## PROVIDED DATA
■ ■ ■ ■ ■ ■ ■
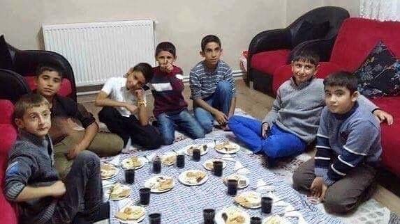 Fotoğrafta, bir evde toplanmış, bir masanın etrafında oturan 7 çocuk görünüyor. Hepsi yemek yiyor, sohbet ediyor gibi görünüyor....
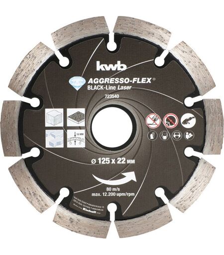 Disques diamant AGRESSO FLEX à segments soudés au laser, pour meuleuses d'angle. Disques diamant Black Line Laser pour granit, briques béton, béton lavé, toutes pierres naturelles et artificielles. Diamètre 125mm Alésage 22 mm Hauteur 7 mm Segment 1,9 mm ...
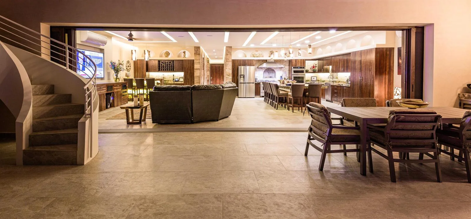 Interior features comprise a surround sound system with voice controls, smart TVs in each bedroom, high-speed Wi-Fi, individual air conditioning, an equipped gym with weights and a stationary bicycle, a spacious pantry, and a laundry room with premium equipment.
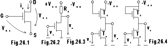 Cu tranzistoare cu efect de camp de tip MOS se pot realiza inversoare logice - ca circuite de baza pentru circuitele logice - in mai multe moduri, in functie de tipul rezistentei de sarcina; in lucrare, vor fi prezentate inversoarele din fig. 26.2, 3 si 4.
■ ■ ■ ■ ■ ■ ■
Give back an exact copy of only the lines from the one with "Interior features comprise" through the final line of the material, both included. Pictures do not belong in it.

 Interior features comprise a surround sound system with voice controls, smart TVs in each bedroom, high-speed Wi-Fi, individual air conditioning, an equipped gym with weights and a stationary bicycle, a spacious pantry, and a laundry room with premium equipment.
 Cu tranzistoare cu efect de camp de tip MOS se pot realiza inversoare logice - ca circuite de baza pentru circuitele logice - in mai multe moduri, in functie de tipul rezistentei de sarcina; in lucrare, vor fi prezentate inversoarele din fig. 26.2, 3 si 4.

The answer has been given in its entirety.